Насилие и свобода в редкое время находят примирение-равновесие. Только надолго ли? «Рим… Новый… Опять…» – этими словами завершится роман. Не случайно в конце романа вновь мелькнет, полыхая кроваво-красным цветом платья бывшая развратница Горюнова – этакая «униженная и оскорбленная» новыми хозяевами жизни Фани Каплан, которая (теперь при «высоком чине») готова со всеми «разобраться» и всем мстить, мстить, мстить. Опять Рим… И нам остается только вспомнить прежде сказанные слова полковника Цахилганова: «Любая чистка освобождает страну от лучших… таков закон истории».


Синкопа и сквозная тема

Завершающее повествование ожидание, предчувствие повторения – «опять… Рим…» – звучит еще и сквозной темой романа, в котором реальность плавится в «доменной печи» художнического, интеллектуального поля Веры Галактионовой, но не для того, чтобы стать бесформенной массой. Она перелита в романе в такие «новые меха», что, не утратив достоверности, вся дышит, звучит и жадно живет в ее пламенеющей прозе. Но нельзя не заметить и встречного беспокойного движения, обозначенного в названии повествования – «54 накануне тишины». Какой тишины? Священной и страшной, когда грозой апокалипсиса свернется ход истории? Или это та сосредоточенная тишина, обещающая жесткое отрезвление человеку – когда все сказано, когда «предупреждение» становится буквально последним? Два мощных потока несут и держат толщу романа: уравновешенная сила, которой объяты как мимолетности жизни, так и все упорядоченное, кристальное в человеке и мире, и сила другая, запечатлевающая холодный и жадный переизбыток размера. Пять четвертей.
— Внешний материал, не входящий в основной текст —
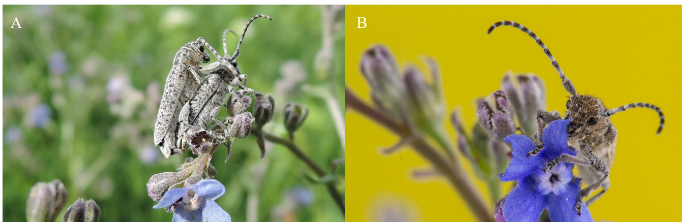
Fig. 3. Pilemia tigrina mating (A) and feeding (B)
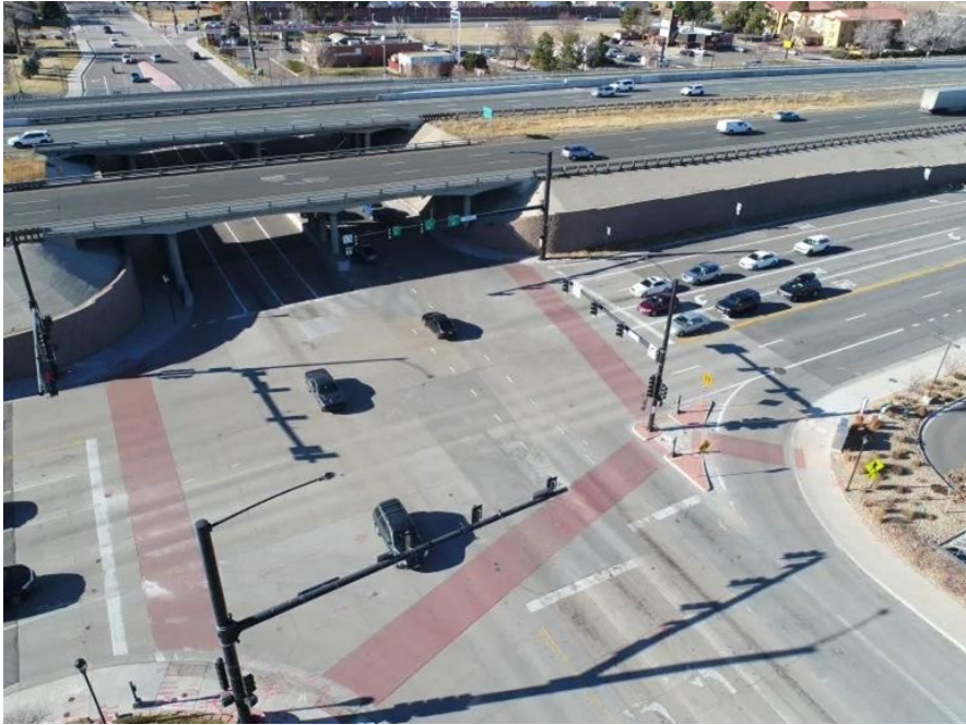
I-70 West Metro Bridges
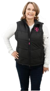
Women's Puffy Vest *Launched Q4
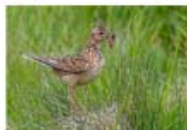
Skylark With Caterpillar by Ian Mitchell, Bon Accord CC, SPF.jpg
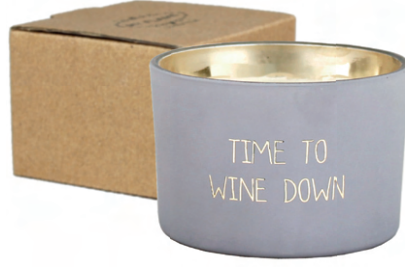
SKU: GL.MTC.XS.LGRY Scent: Amber's Secret Size: D.7.5 x H.5 cm Quantity: 6
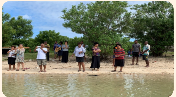
Some of the Mission Fiji students that were baptized
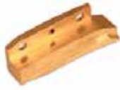
UPPER SECTION CONTROL CAM - IPT D KI-697 | OEM: 250697
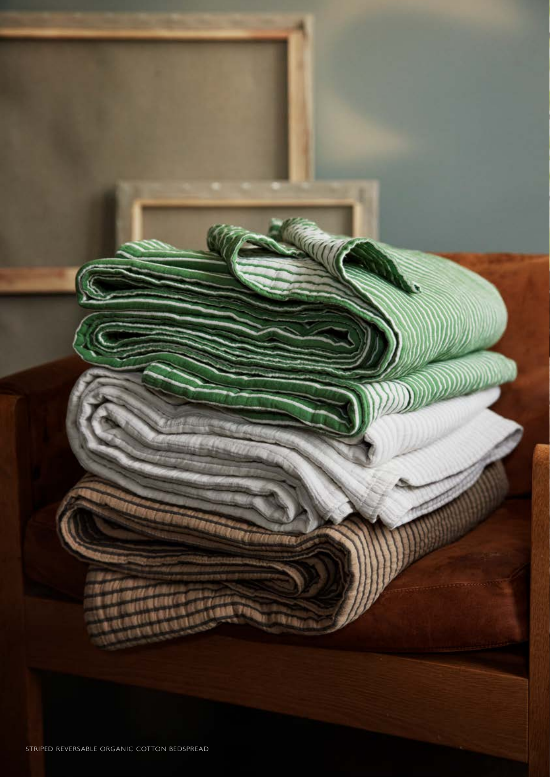
STRIPED REVERSABLE ORGANIC COTTON BEDSPREAD
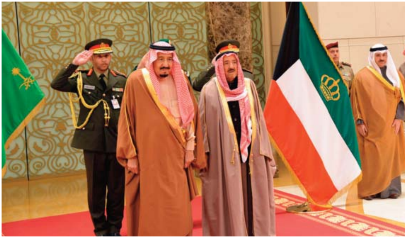
KUWAIT: His Highness the Amir Sheikh Sabah Al-Ahmad Al-Jaber Al-Sabah and Saudi King Salman bin Abdulaziz Al Saud are seen during the official farewell ceremony of the Saudi King.
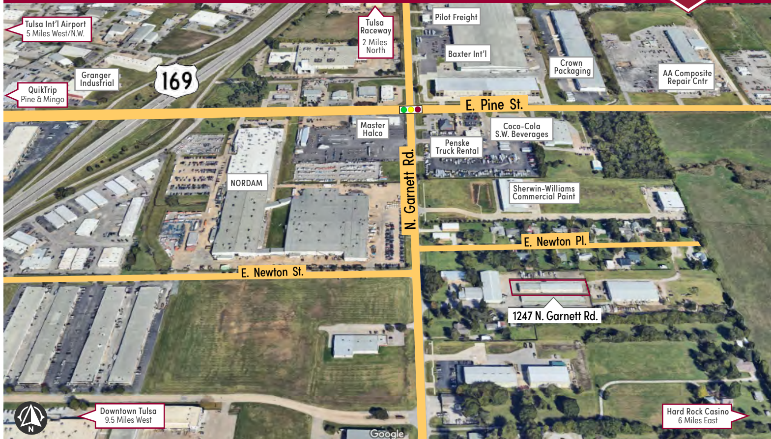
Greater Tulsa Area Map

Пять четвертей – это сбившийся ритм жизни, это насилие синкопы над русской органикой, Синкопы, порождающей «музыкальный продукт приятной духовной дезориентации». Обрубание, сокращение, смещение ритмической опоры в образной ткани романа запечатлено как боль утраты простого и ясного («производство полезного разрушено… вместо этого налаживается всюду лишь производство …вредного»), как горе исчезновения трезвого и радостного, как «туземная-животная-развязная» власть «покупателей человеческого униженья». Синкопа – это когда «жизнью правит нарушение, а не норма». И, кажется, всю жуть образа и его ненормальной власти вложила Вера Галактионова в песню человека-Циклопа (санитара морга): «Это была песня, мучительная, но на удивленье ритмичная, состоящая из гортанного клекота, короткого молчанья, протяжного воя, бессмысленного хрипа и дикого, разрастающегося стона. …он дико пел о том, как искаженная человеческая жизнь перетекает в искаженное инобытие – санитар пел об уготованном аде…И в этой звериной дребезжащей песне не было места слову и душе, но много было простора для застарелого, грубого страха перед бездной антивремени – и вечной тоски, которой исходила земля, приговоренная людьми к безобразным искажениям, тоже стоящей у черты смерти». Философия переизбытков и выпадений коснулась своей ледяной рукой буквально всего в этом повествовании, сместив акцент с сильной доли на слабую. Но в самом начале я говорила, что Вера Галактионова пишет роман-одоленье и тут полагает свою главную большую цель. Ее главный герой Андрей Цахилганов не только восстанавливает правильный размер и ритм в себе самом, но и готов к тому героизму, который «устраняет переизбыточность негодяйства» в России.

Борьба жизни и смерти, антигероя и героя, времени и анти-времени, чада синкопы и чистоты мелодии звучит в романе с мистериальной силой – как вечное настоящее, которое неподвижно и текуче одновременно. Ей пронизана буквально каждая строчка романа, обращенная к миру ли вешнему или внутрь человека. Конечно же, Вера Галактионова писала роман о «гигантском русском напряженье», выпавшим на нашу долю в XX столетии. И выдержать его должны были человек, народ, земля, связанные прозаиком воедино. Сила земли здесь читается как мученическая, растревоженная, «все погребающая – и не находящая успокоения»: «Сухая, летучая черная пыль Карагана взлетала после нескольких дней весенней жары и носилась из края в край уже до самых осенних дождей…. Тысячелетняя дикая степь…. Она ободрана десятками тысяч замученных крестьян, священников, ученых, проложивших каналы… Их судьбы дочерна сгорали здесь, внизу, под землей – в шахтах, под тоскливо-просторной степью, во тьме». Это черное братоубийственное Солнце социализма, горевшее так горячо, «добытое невольниками, взамен живого выкатывалось на-гора из глубоких шахт Карагана… Жарко сгорая, оно пламенело ночами над стройками социализма… Социализм отапливался и освещался путем сжигания человеческих судеб. И потому это тепло не пошло впрок…У социалистического тепла выросла вдруг Рыжая демократическая хищная всепожирающая голова..». За этой пластической оболочкой мира, за этим мощным композиционным строем стоят «сожженные судьбы», вопиющие к нам, будущим. Но больше, после романа Галактионовой, будет уже нельзя сказать, что время «подземного солнца невольников» было только «историческим недоразумением» и опустошающим опытом.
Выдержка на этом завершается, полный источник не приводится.